These weight coefficients “V3/V1”, “V3/V2” and “1” result from the difference between the view numbers at the time the three-dimensional backprojection is done.

A post-process is carried out at Step S10.

Step S10 may be similar to the process of the first embodiment shown in FIG. 3.

Thus, in the second embodiment, the interpolation is done on the projection data space in the view direction using the X-ray detector data or projection data different for every channel range. The reconstruction function convolution process is directly performed on the X-ray detector data or projection data different for every channel range without reducing the resolution of the projection data as seen in the view direction. Thereafter, the three-dimensional backprojection process is done, whereby the tomographic image free of degradation in the resolution in the view direction is obtained by the image reconstruction.

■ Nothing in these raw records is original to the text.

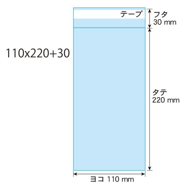 OPP袋 110×220 テープ付 100枚 30ミクロン厚(標準) 110×220+30mm 透明袋 国産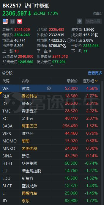 知名中概股中:微博涨4.68%;雾芯科技涨2.77%;腾讯音乐涨2.22%;阿里巴巴涨1.32%;贝壳跌9.27%;蔚来跌6.99%;拼多多跌5.11%。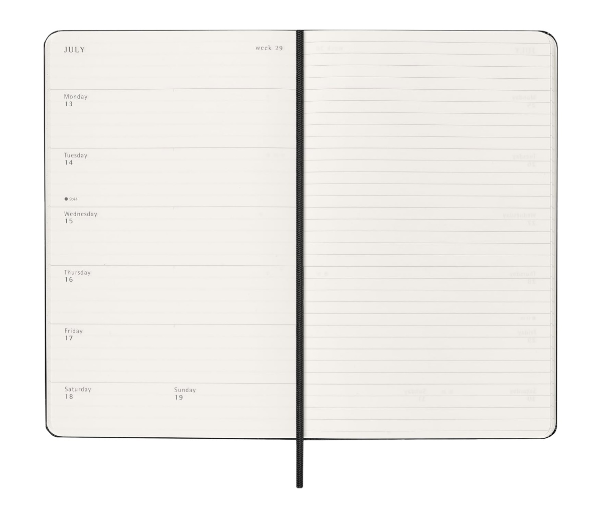 - formatted with weekly appointments on the left and a ruled page for notes and ideas on the right
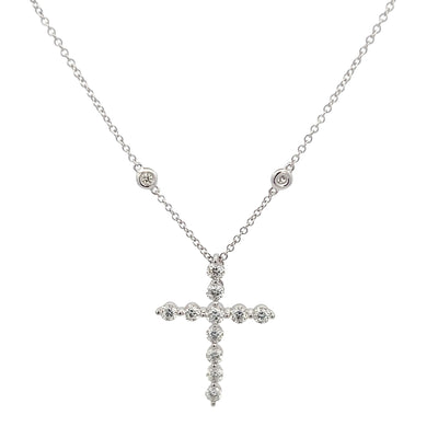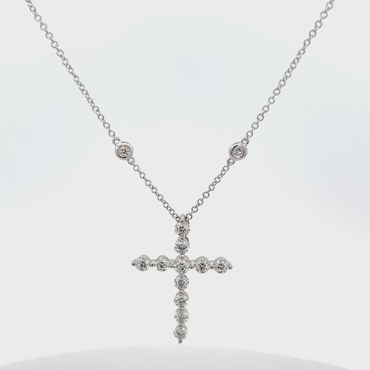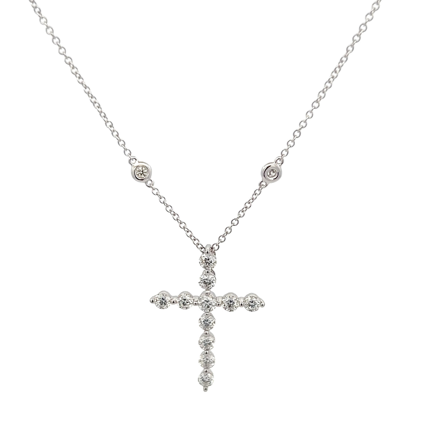 This stunning diamond cross pendant is a perfect blend of elegance and spirituality. Crafted with precision, it features sparkling diamonds that catch the light beautifully, making it an ideal accessory for any occasion. Whether worn as a statement piece or a subtle reminder of faith, this pendant is sure to turn heads. 10-0.21 total weight round diamond. 18 karat white gold 0.21 total diamond weight/0.88 total weight round diamond. 18 karat white gold 0.88 total diamond weight.

According to the X-ray CT apparatus or the X-ray CT image reconstructing method, as the effects of the present invention obtained in the above X-ray CT apparatus, there can be provided an X-ray CT apparatus which reduces the number of X-ray data acquisition views in a data acquisition system (DAS) 25 of an X-ray CT apparatus having a one-row type X-ray detector or an X-ray CT apparatus having a two-dimensional area X-ray detector of a matrix structure, which is typified by a multi-row X-ray detector or a flat panel X-ray detector, and which implements optimization of required performance and throughput capacity of the data acquisition system (DAS) 25.

Third Embodiment

An X-ray CT apparatus makes an attempt to change a reconstruction function for every region of a subject. In this case, the reconstruction function ranges from a high-resolution reconstruction function to a relatively low-resolution reconstruction function. The reconstruction function is used for convolution in a channel direction of an X-ray detector. Since projection data corresponding to each pixel of a tomographic image, subjected to a reconstruction function convolution process in the channel direction of the X-ray detector is backprojected in the direction of 360°, spatial resolution on an xy plane in the tomographic image depends upon the reconstruction function. In this case, the optimum number of views is necessary for every channel position even for the purpose of avoiding degradation in the resolution in the circumferential direction such as shown in FIG. 8 at the peripheral portion of the tomographic image in particular.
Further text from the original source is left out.